A contradição entre as forças produtivas e as relações de produção constitui a base objetiva da luta de classes, a qual surge como a própria expressão daquela contradição. A estrutura social é, assim, determinada, em última instância, pela estrutura económica, pelo que cada modo de produção dá lugar a um sistema específico de classes sociais que se definem em função da relação com os meios de produção:

[Homem] livre e escravo, patrício e plebeu, barão e servo [Leibeigener], burgueses de corporação [Zunftbürger] e oficial, em suma, opressores e oprimidos, estiveram em constante oposição uns aos outros, travaram uma luta ininterrupta, ora oculta ora aberta, uma luta que de cada vez acabou por uma reconfiguração revolucionária de toda a sociedade ou pelo declínio comum das classes em luta. Nas anteriores épocas da história encontramos quase por toda a parte uma articulação completa da sociedade em diversos estados [ou ordens sociais Stände], uma múltipla gradação das posições sociais. Na Roma antiga temos patrícios, cavaleiros, plebeus, escravos; na Idade Média: senhores feudais, vassalos, burgueses de corporação, oficiais, servos, e ainda por cima, quase em cada uma destas classes, de novo gradações particulares (MARX, Karl e ENGELS, Friedrich [1848]. Manifesto do Partido Comunista. Lisboa: Avante!, 1997, p. 26).

Notas

[1] O conhecimento, por seu lado, desenvolve-se a partir de conceitos que representam a realidade na qual o ser humano vive.

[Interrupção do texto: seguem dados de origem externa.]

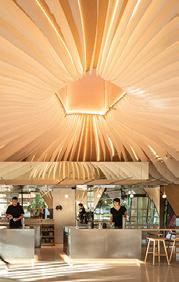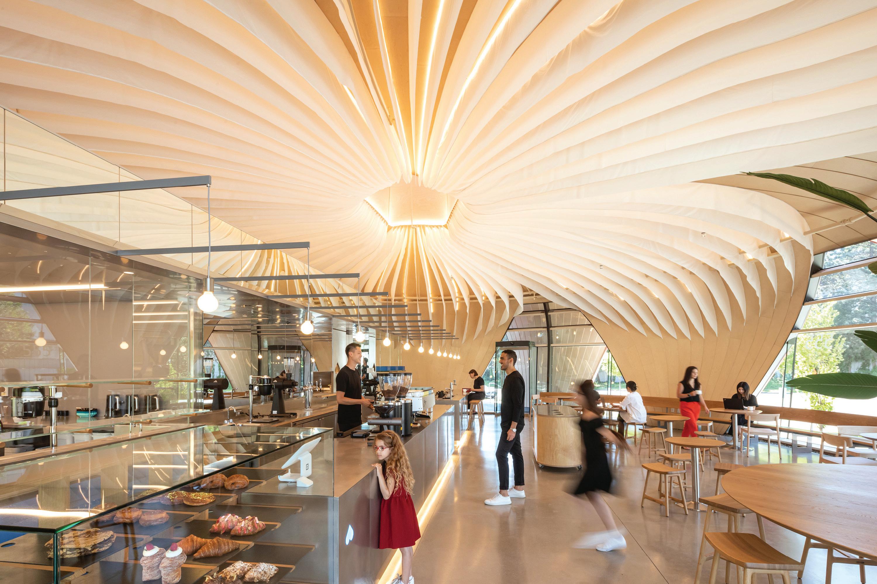 Situated on the Great Northern Way Campus in the False Creek Flats area, Perkins&Will created an office building and adjacent retail boutique known as the Red Pavilion, which acts as the front door to an emerging arts and design community. At the request of the pavilion’s occupant, Nemesis Coffeehouse, Perkins&Will also designed the interior space, which transforms from coffee shop in the morning to event space at night. The round structure comprises 10 CNC-cut birch plywood “petals” surfaced with red shingles, a metaphor continued inside with fins made of the gossamer fabric used in a photographer’s lighting soft box. Originating from a central oculus atop the structure and carrying soft LED strip lighting, the fins trace the plywood-petals’ “veins” while acting as acoustic baffles. When caught by a breeze, the rippling fins give the impression that the space is taking a breath. Reflective surfaces dematerialize the back-of-house pod while providing a gradient of visual transparencies: from low-iron vision glass displaying the coffee roastery, to one-way mirror glass partially obscuring the kitchen DL
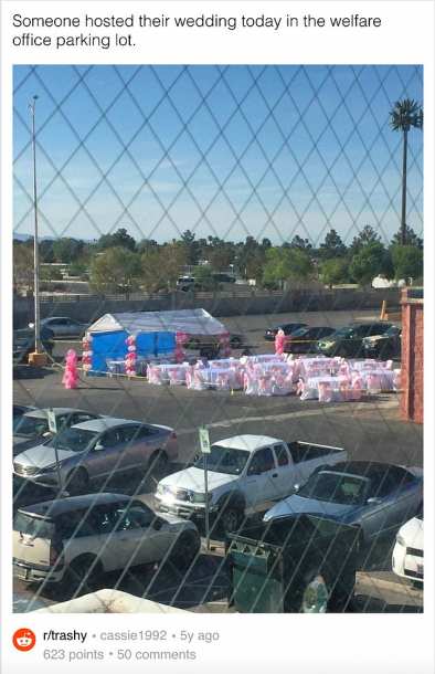 3. А эту свадьбу решили провести на свежайшем воздухе - на парковке супермаркета.
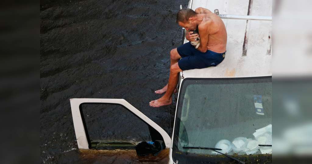 But when his van flooded, Schubert crawled on top of the immobilized vehicle, cradling his pup in his arms.
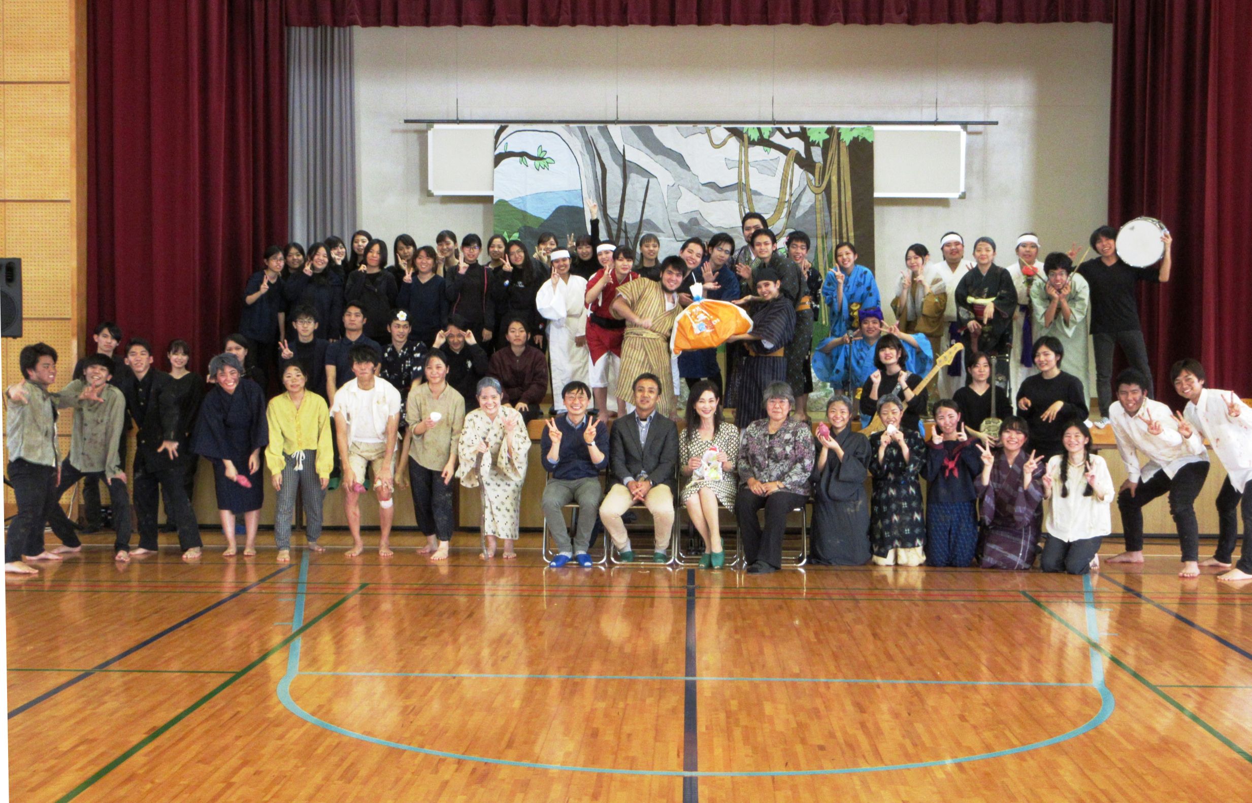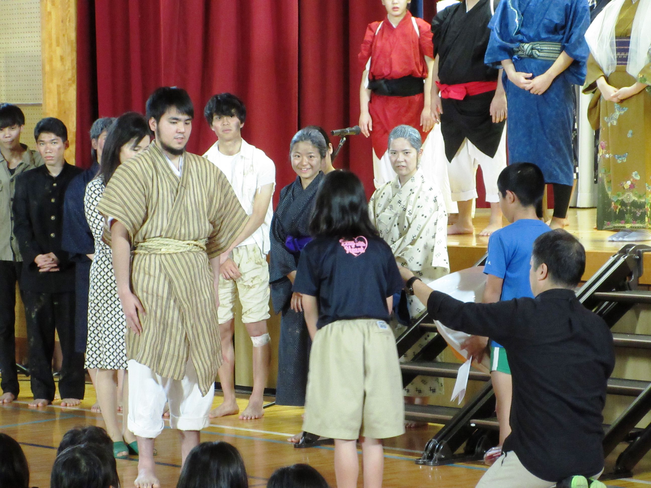 久辺小学校の体育館に、小学校3年生~6年生まで、中学校1、2年生が集まってくれて、楽しい場面には笑顔で、戦争を描く場面では真剣に観劇して、最後は大きな拍手で大学生のお兄さん、お姉さんたちに声援を送ってくれました。
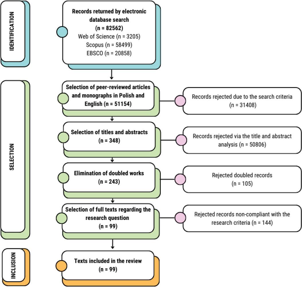 When reviewing the titles and abstracts, I identified a difficulty that forced me to check each one carefully, making the task incredibly time-consuming. Precisely speaking, numerous abstracts contained formal information about the publication’s copyright owner. Consequently, the word “copyright” did appear in those records, even though it had no connection with the publication content. Having selected the titles and abstracts this way, I obtained a total of 348 records. After eliminating duplicate items, I included 243 records in the full-text eligibility analysis. At that stage, I checked if they met the inclusion criteria regarding the research question. The full-text analysis excluded publications that marginally mentioned the topic of interest to me. Consequently, I omitted texts that only explained the legal aspects or discussed other fields than culture. However, I did include publications that pertained to any of the organizations jointly signified by the acronym GLAM (Galleries, Libraries, Archives, and Museums). Thus, the final review covered 99 texts.
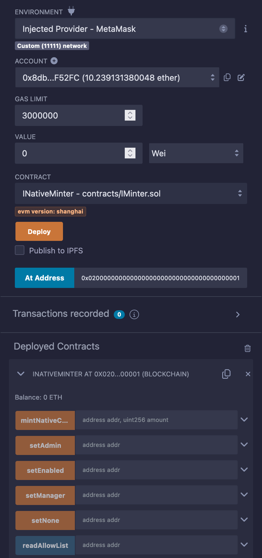 IFeeManager is our precompile, but it references the IAllowList, so we need that one as well. We compile IFeeManager.sol and use deployed contract at the precompile address 0x0200000000000000000000000000000000000003 used on the Avalanche L1.
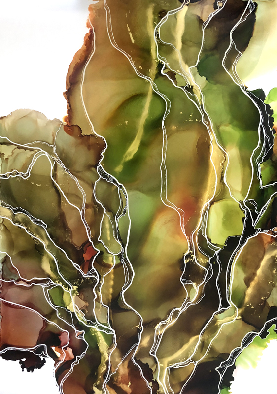 This artwork was part of my solo show: E-Motion: E-motion is an exhibition that explores both physical and emotional states surrounding loss and facing the unknown. Using the unpredictable medium of alcohol inks, E-motion takes us on a journey through the multi-faceted sensations associated with emotional change. The works physically reflect the healing process and the transient nature of our emotions by allowing them to flow through the mind and body rather than being pushed away and internally suppressed. Through vivid and atmospheric expressions, the works in E-motion not only provide us with reflections of the parts of our consciousness that we may not be unable to articulate verbally but also serve as a reminder of the need to recognize the pitfalls of our social conditioning when it comes to dealing with our emotions.
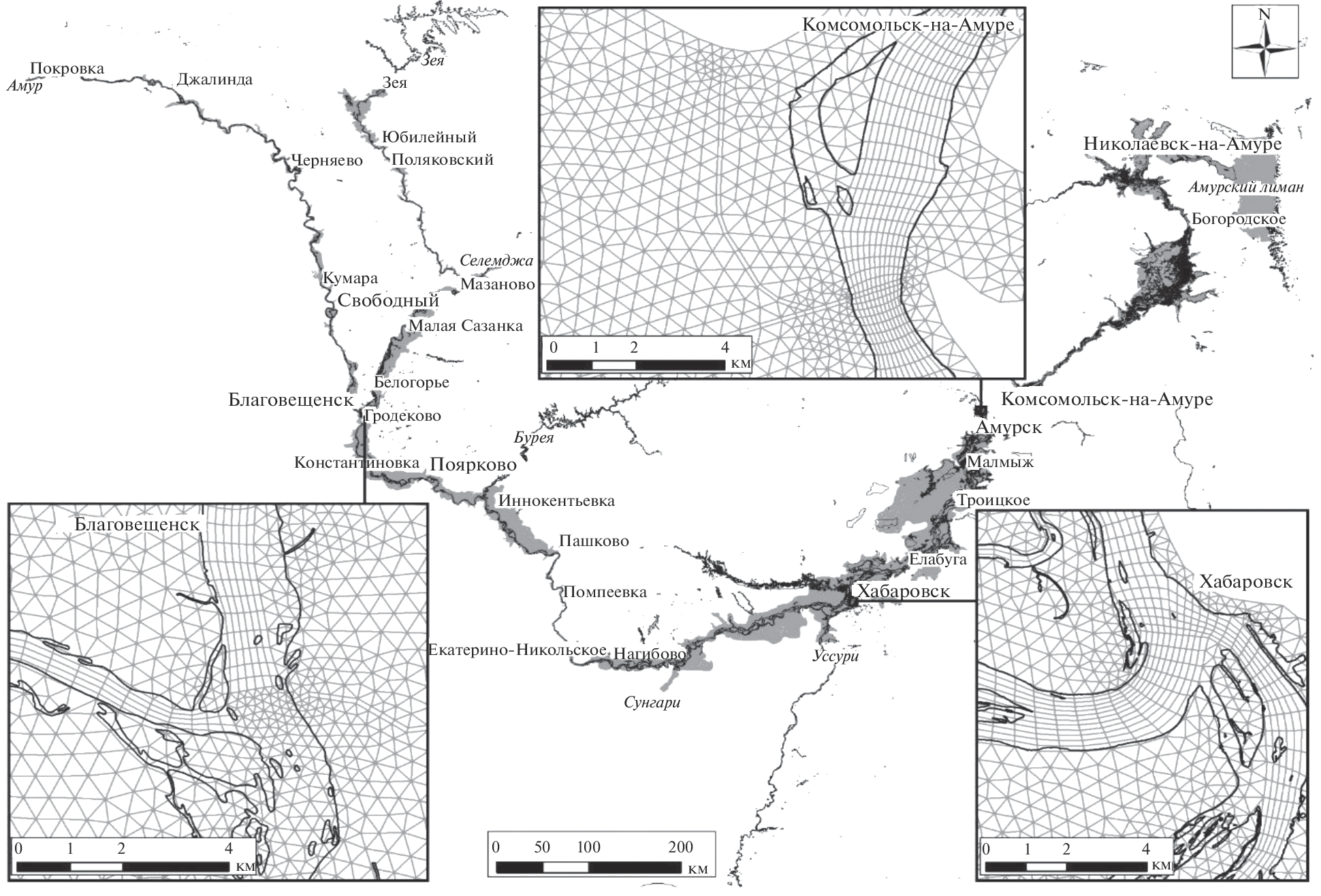 The article formulates the main requirements to numerical algorithms for hydrodynamic 2D-modeling of long and very long river segments with lengths of up to several thousand kilometers. The main feature is the use of adaptive unstructured mesh along with algorithms that give correct values of water surface elevations on coarse mesh, taking into account abrupt changes of bed elevations. A hydrodynamic model of a segment of the Amur R. with a total length of >3 thous. km is presented, which is based on a numerical solution of two-dimensional shallow-water equations (Saint-Venant) by a new high-accuracy algorithm, taking into account road and protection structures in the floodplain. The stages of model construction and verification are described, and the results of calculations for an extraordinary flood in 2013 and a high flood in 2020 are given. Water levels (with estimates of their errors) and the rates of water discharge at gages are given along with flow fields and the inundation zones of floodplain areas.

[2] O trabalho repete-se porque o ser humano não pode parar de trabalhar, pois, apesar de ser independente da sua vontade, aquele é essencial para a sua sobrevivência.

[3] No estrito sentido materialista, estas não são, aliás, ciências – já que as ciências têm de explicar as leis que governam a sociedade –, mas antes ideologias.